In an attempt to free scholarship from the bindings of Adobe Acrobat, there is an ad hoc group working to define a “scholarly” version of HTML5. Why does there need to be a special version of HTML5, you ask? Good question. It is so the data in the article can be marked up with semantic information that can allow the data to be understood and re-purposed using software.
For example, markup like this tells you that what is between the tags is the name of the creator of the piece according to the use of that term by the Dublin Core community:
Here is an example of what a “full” ScHTML document might look like:
<html property=”http://scholarly-html.org/schtml“>
<body>
<span property=”http://purl.org/dc/terms/title“>Title</span>
<span property=”http://purl.org/dc/terms/creator“>Author</span>
- ScHTML is declarative about the information it contains and not imperative about the way the information is displayed or consumed by the scholar.
- ScHTML is scholarly because it addresses the every-day problems scholars have in conveying the outputs of their work and providing education. Fundamental to the standard is a community-led process of creating broad range of tools for producing or consuming ScHTML for each specific requirement.
- ScHTML is a domain-specific application of the W3C HTML standard and tracks that standard so long as it supports the requirements of the communicating knowledge in a declarative way within the scholarly community.
- ScHTML is not owned by anyone but is developed by the community through a democratic process. The community will be continually invovled in developing vocabularies. ScHTML will define a very small core – the absolute minimum infrastructure (perhaps author and date) and how to define conventions.
It will be interesting to see where this group goes, and how rapidly it gets there.

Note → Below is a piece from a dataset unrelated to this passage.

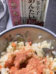 明太子ポテトサラダ 明太子ふりかけを使ってポテトサラダを簡単に作りました🤭野菜がないので千切り大根を並べて😅ポテトも人参も甘いです😁塩は入れず胡椒少し

What happens when the black hat folks get a hold of the spec and exploit it?
Viagra
Not to sound like an old beard but couldn’t this be done with LaTEX http://www.latex-project.org/
That is markup that leads to non proprietary PDFs or HTML or Postscript for that matter. Scholarly HTML is a good idea but couldn’t it be just another output from a more basic markup. After all, we are still stuck with the “bindings” of Microsoft Word.
@edward
Scholarly HTML is a format – so of course you could create it with LaTeX. I look forward do seeing what the LaTeX communitiy can contribute to this effort. Another back end format that is perfect for creating Scholarly HTML would be the NLM XML schema.
I’m just starting to learn about RDA – but isn’t that what that schema is trying to solve also?